Common law has most recently affirmed the use of force in Beckford v R (1987), in which Lord Griffiths affirmed that "the test to be applied for self-defence is that a person may use such force as is reasonable in the circumstances as he honestly believes them to be in the defence of himself or another". A more general explanation of what is reasonable was also made four years prior in 1984 under Collins v. Wilcock (1984) 1 WLR 1172 DC, which stated that a Constable may use force not otherwise covered by legislation or other law if it they "had been acting within the bounds of what was generally acceptable in the ordinary conduct of daily life".

The European Convention on Human Rights 1953 further states:

"2. Deprivation of life shall not be regarded as inflicted in contravention of this article when it results from the use of force which is no more than absolutely necessary:

a. in defence of any person from unlawful violence;

b. in order to effect a lawful arrest or to prevent the escape of a person lawfully detained;

c. in action lawfully taken for the purpose of quelling a riot or insurrection."

The Criminal Law Act 1967 allows any person to use reasonable force in the circumstances in the prevention of crime, effecting or assisting the lawful arrest of offenders or suspected offenders or of persons unlawfully at large.

The Police and Criminal Evidence Act 1984 provides a power for a Constable to use reasonable force when they are lawfully using a power under the same act.

The Criminal Justice and Immigration Act 2008 further clarified the use of force as per the above, but also reiterated force may still be reasonable if it was influenced by an honestly held, albeit mistaken belief.

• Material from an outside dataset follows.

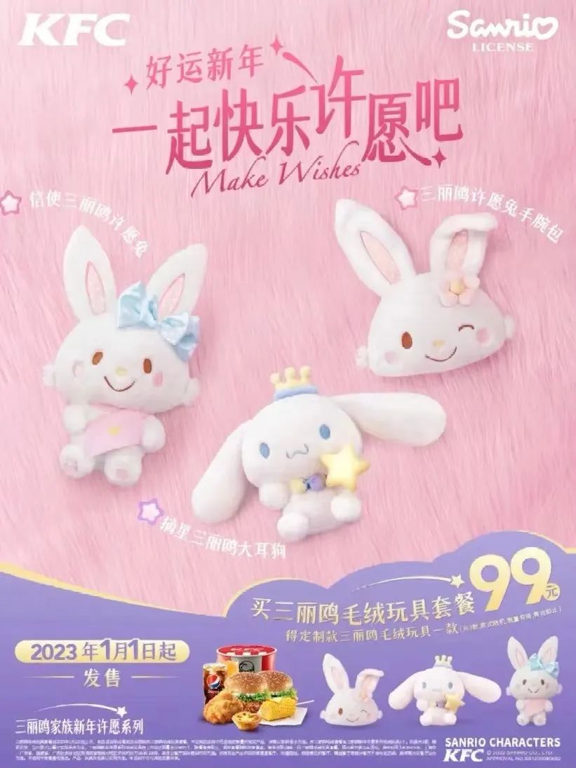 其实早在今年元旦,肯德基就和三丽鸥家族合作过哦。除了人气角色玉桂狗之外,我们的许愿兔Wish Me Mell竟然也有联名产品,泪目了家人们!爱心jio印和背后的彩虹尾巴是我们兔兔的标志性特点了!萌点在线,可爱值100%!怀抱着大耳狗星星灯,直接和温馨感撞了个满怀!狗子手里的星星是可以点亮的哦,真的萌化少女心~还有许愿手腕包,妥妥de少女感时尚单品,甜妹必备!

The Criminal Justice Act 1988 gives a Constable the power to enter a school premises and search those premises and any person for offensive weapons, allowing them to use reasonable force if necessary to do so.

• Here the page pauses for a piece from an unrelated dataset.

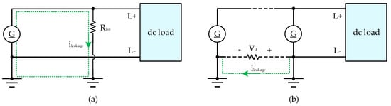 Besides the AC leakage current, the DC leakage current is the DC current passing through the insulation resistance of the conductor [24,44,45,46,47] or in situations where there is a potential difference between the grounds of the DC system. The DC leakage caused by the insulation resistance is usually insignificant compared to the AC leakage. The insulation resistance of the conductor decreases over time or due to humidity and dust, and this can increase the DC leakage current. As mentioned, to eliminate the AC leakage current, CMV should be fixed. In this case, the parasitic capacitor is open-circuited. But still, a constant voltage falls on the insulation resistance, and the DC leakage current passes through the insulation resistance and the grounds of the system. The value of the DC leakage current can easily be calculated by Ohm’s law, as in Equation (8). But the point is in the estimation method of insulation resistance. Some methods for testing and estimating insulation resistance have been reviewed in the literature [39,48].

The Offensive Weapons Act 2019 gives a Constable power to use reasonable force, "if necessary", in order to search and seize relevant articles in a school or further education premises for "corrosive substances".

==Powers of entry==
A constable has a right of entry to private land in three broad circumstances: by consent, without consent, and without consent and by force.

In English law, "consent" in relation to trespass includes situations where a licence (i.e. permission to enter onto land) is implied without having to be explicitly stated: for example, walking through a private garden to reach the front door of a house for the purpose of delivering a letter. Where consent has not been granted by the occupier, entry without consent may be exercised where a search warrant has been issued, or in other specific circumstances where the matter is urgent or serious, and the power has been specifically granted by law. The police have the power to use reasonable force to enter under a warrant, and under the other powers of entry discussed below.

===Search warrants===
There are known to be around 900 provisions in law under which search warrants may be issued. Typically, these permit a police officer and/or other official (typically a council officer, or an officer of a government department) to enter and search premises, using force if necessary, and seize evidence. These are generally issued by a justice of the peace following a written application stating the reasons for entering. As a general rule, search warrants are only issued where access cannot be gained by consent, or where attempting to gain consent might lead to evidence being destroyed, etc.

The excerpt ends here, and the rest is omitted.